Fiona laughed. She was so happy to have Stuart here. He’d just arrived from New York that morning. She’d arranged to have him met at the station, and have his things taken to the Savoy, and then she’d gone to see him herself, arriving there only half an hour ago. She’d planned for them to have a nice, civilized luncheon, but he said he was tired of sitting and insisted they go right to Oliver’s and then Mincing Lane. A tea man through and through, he was much more interested in business than lobster salad.

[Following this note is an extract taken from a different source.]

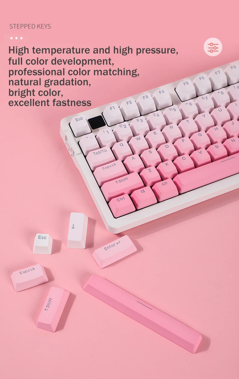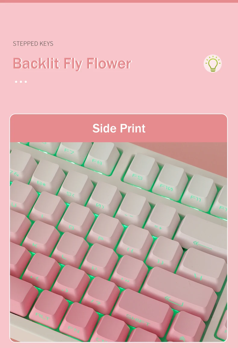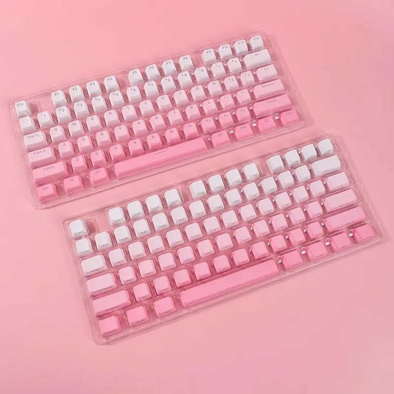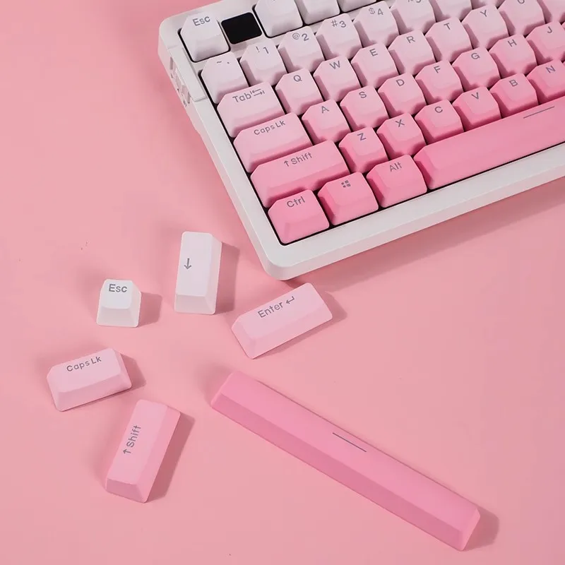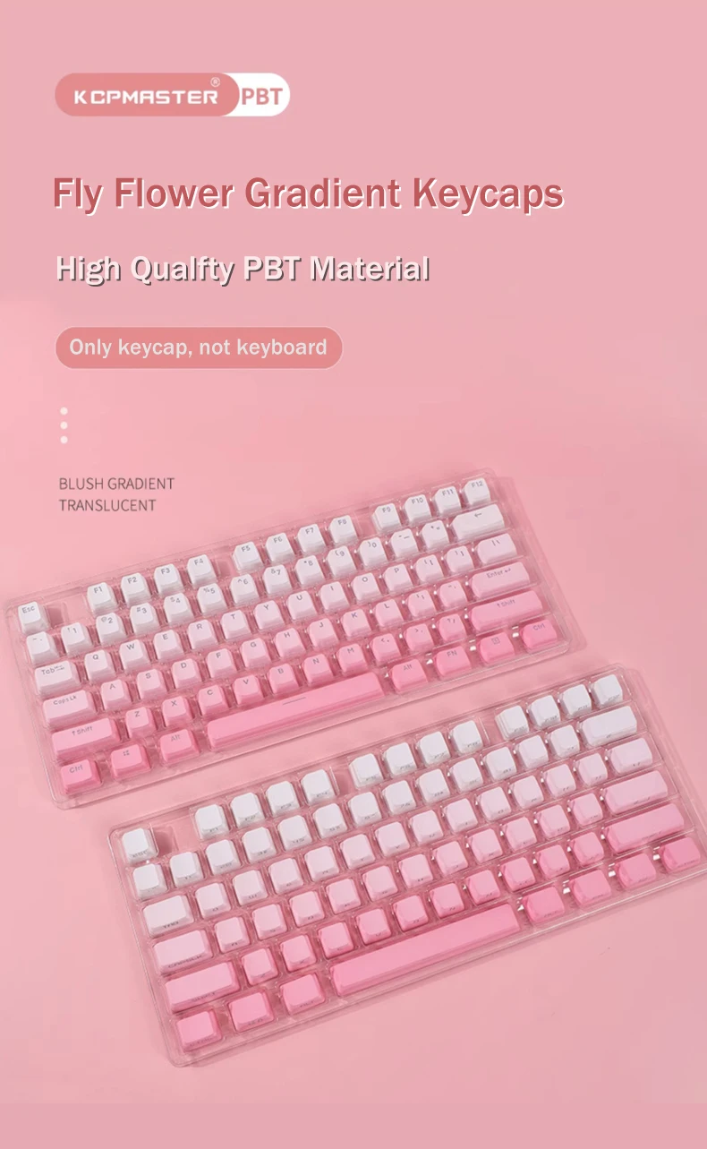 Comprar Tapas de tecla gradiente Fly Flower, perfil OEM, tapa de tecla transparente retroiluminada, impresión lateral/superior PBT para teclado mecánico GK61 87 1

They were walking down the Wapping’s High Street arm in arm now, catching up.
“Really, though, Fiona,” Stuart said, suddenly serious. “All jokes aside, it sounds like you almost lost your life.”
“Found it, rather.”
“But the man nearly killed you! William Burton, of all people. I almost went to work for him once. As a lad. Years and years ago.” He shook his head. “It defies comprehension. And you say they never found the body?”
“No, by the time they got the fire out, the tide had come and gone. It took him with it.”
“And the man who killed him?”
“They never found him, either,” Fiona said, looking away.
“He just shot William Burton, rescued you, and kept on going?”